Annie Clark als St. Vincent, dan denk je de laatste jaren misschien vooral aan futuristische kitsch, poses en het betere acteerwerk. Het grote publiek bleek er sinds het vorige album, St. Vincent, voor gewonnen en de roddelpers kon zich naar hartenlust laven aan haar korte relaties met Cara Delvigne en Kristen Stewart. Je zou dan denken dat ze zich nog sterker in haar personage gaat verstoppen, maar deze plaat wordt dan net eentje met steeds meer stukjes waarop ze haar kwetsbaarheid omarmt. Het eigenzinnige wicht!
Zo is er het gitzwarte “Smoking Section” over zelfmoord: “Sometimes I sit in the smoking section / Hopin’ one rogue spark will land in my direction / And when you stomp me out, I scream and I’ll shout / Let it happen, let it happen, let it happen”. “New York” is het decor van de plek waar ze afscheid moest nemen. Neem plaats op de eerste rij wanneer ze kronkelt tussen de lakens in het titelnummer “Masseduction”: “I can’t turn off what turns me on / I hold you like a weapon”. Het heeft allemaal een iets minder Alice in Wonderland-gehalte dan een paar jaar geleden.

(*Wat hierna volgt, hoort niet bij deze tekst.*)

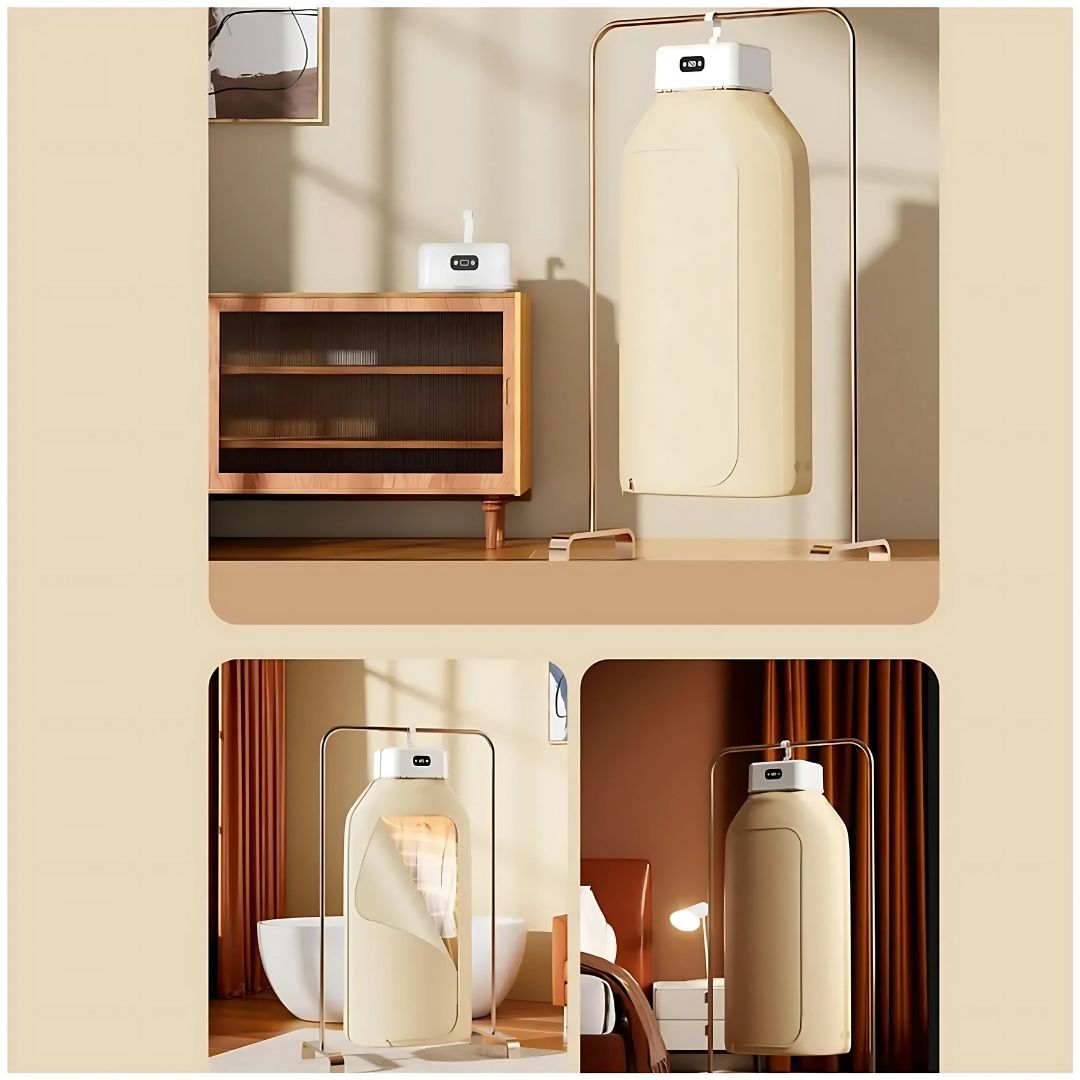 - Llévalo contigo a donde vayas y mantén tu ropa seca, limpia y lista en todo momento. ¡Una solución inteligente para el hogar moderno o en movimiento!

Voor je denkt dat dit een ingetogen en contemplatieve plaat is geworden: dat nu ook weer niet. Clark doet beroep op Sounwave, beatleverancier van Kendrick Lamar, en een koperen bijdrage van Kamasi Washington, bijna een must als je met je tijd mee wil tegenwoordig. Ex-lief Delevigne duikt zelfs hier en daar in de backings op. De gitaar wordt grotendeels naar de achtergrond gewezen en maakt plaats voor synths en drumcomputers. Dat resulteert in het tegen Prince schurkende “Savior” of “Sugarboy”: het “I Feel Love” (Donna Summer) van deze plaat.
Het valt ook niet te ontkennen dat Clark gewoon een steeds betere songmaker aan het worden is. Het vraagt een gezonde dosis organisatietalent om alles wat uit haar hoofd komt — en dat is nogal wat — kundig te kanaliseren. “Pills” is vooral een tongue in cheek nummer over ons stijgende pillengebruik, maar “Hang On Me” is bijvoorbeeld nog altijd St. Vincent ten voeten uit, een heerlijk melodieus popnummer, ijl gezongen als een kanarie in de steenkoolmijn. Niemand die trouwens zo elegant op kopstem overschakelt.
Nog meer contrasten? Het door beats vooruitgestuwde “Los Ageless” (inclusief woordspeling) en het lieflijk trage “Slow Disco”. Het is moeilijk om in één mindset te geraken met Masseduction. Maar laat die eigenzinnigheid net de kracht zijn van deze plaat. Hoe de sobere piano en pedal steel van “Happy Birthday, Johnny” een privé-eiland mag zijn tussen het theater van “Los Ageless” en “Savior”. Onvoorspelbaarheid als wapen, maar dat dit Masseduction een voorlopig nieuw hoogtepunt is, dat was dan wel weer te verwachten.